A. Lavelle; T. Drew; P. Fennessy; C. McCaul; J. Shannon
Year of publication
2021
Publication/Journal
Int J Obstet Anesth
Volume
48
Issue
Pages
103205
Abstract
BACKGROUND: During performance of emergency front of neck access, the final step in management algorithms for the 'can't intubate, can't oxygenate' scenario, accurate identification of the cricothyroid membrane is crucial. Accurate identification using palpation techniques is low, with highest failure rates occurring in obese females.
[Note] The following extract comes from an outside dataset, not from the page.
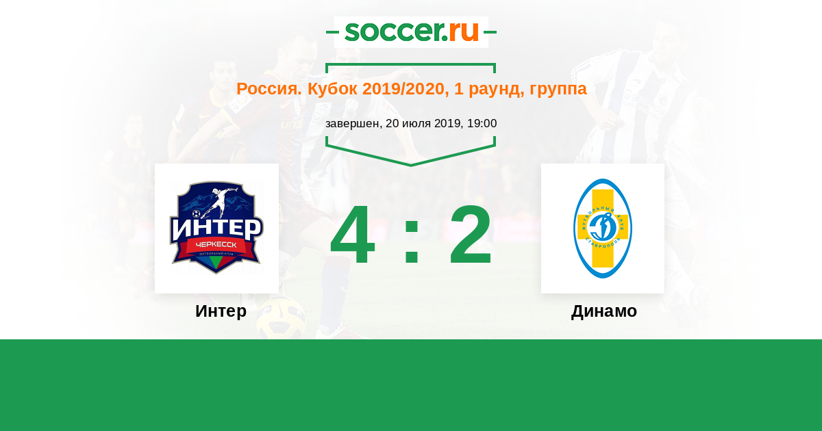 Россия. Вторая лига. Группа 1 16.07.2019 Динамо Ставрополь Логотип футбольный клуб Динамо Ставрополь 3:0 Логотип футбольный клуб Интер (Черкесск) Интер
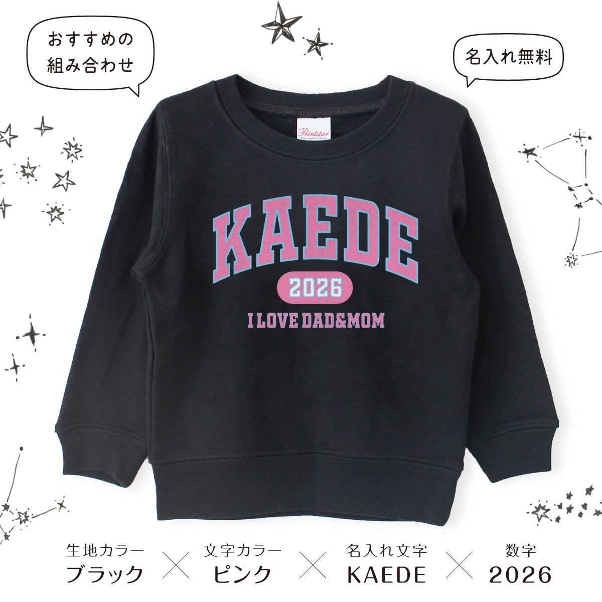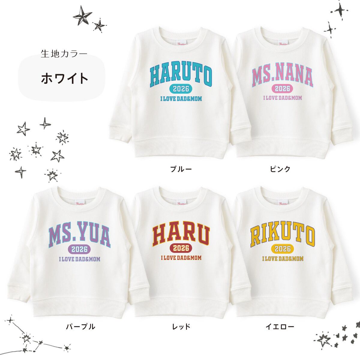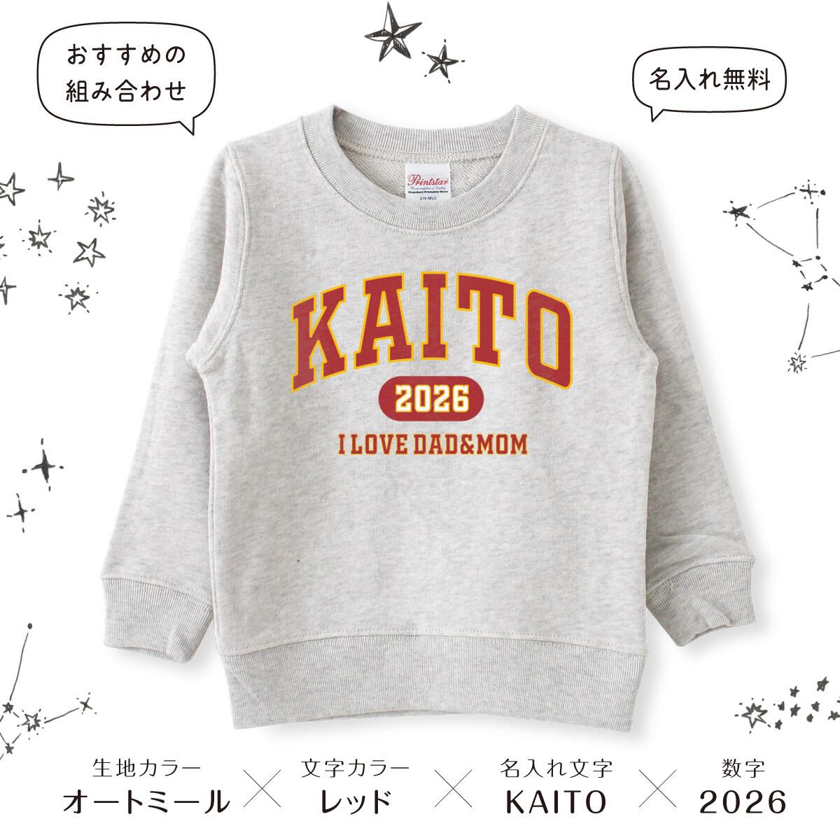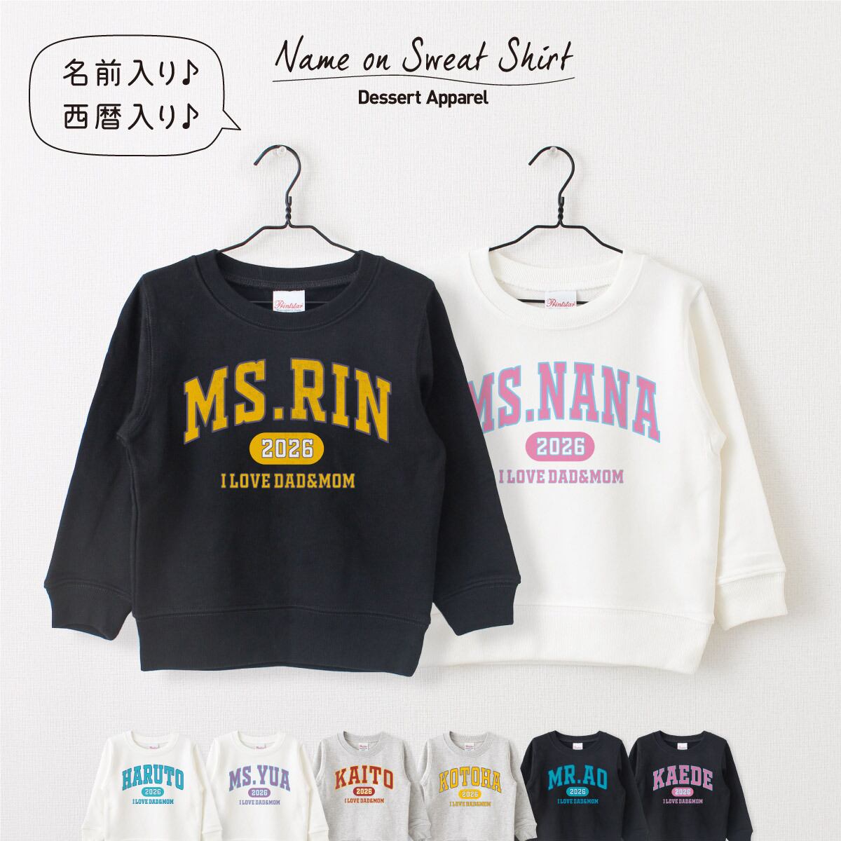キッズ トレーナー 名入れ カレッジロゴ01 アメカジ スウェット 100 110 120 130 140 150 子供服 ジュニア 子ども おしゃれ かわいい 名前入り ネーム バースデー 男女 ギフト 誕生日 プレゼント おそろ 兄弟 姉妹 親子コーデ 双子 記念撮影 幼稚園 保育園 小学校 スポーツ | Dessert Apparel

METHODS: This prospective observational study recruited 28 obese obstetric patients. The cricothyroid membrane was identified using ultrasound, marked with an ultraviolet pen and covered with a dressing. The candidate was asked to perform cricothyroid membrane identification using landmark technique (group L) followed by ultrasound (group U). The primary outcome was the distance between the actual and estimated cricothyroid membrane midpoint. Secondary outcomes were the proportion of accurate assessments, time taken, and subjective ease of identification using a visual analogue score. RESULTS: Distance from the cricothyroid membrane midpoint was shorter in group U than Group L (2.5 mm vs 5.5 mm, P=0.002). The proportion of correctly identified cricothyroid membranes was greater in group U than group L (71% vs 39%, P=0.015). Time required for identification was shorter in group L than group U (16.9 s vs 23.5 s, P=0.001). Visual analogue scores for ease of identification were lower in group U than group L (2.4 cm vs 4.2 cm, P=0.013). CONCLUSIONS: Ultrasound-guided cricothyroid membrane localisation was significantly more accurate but slower than the landmark technique in obese obstetric patients. As such, we recommend the use of pre-procedural identification of the cricothyroid membrane in this patient population and formal training of anaesthetists in airway ultrasound.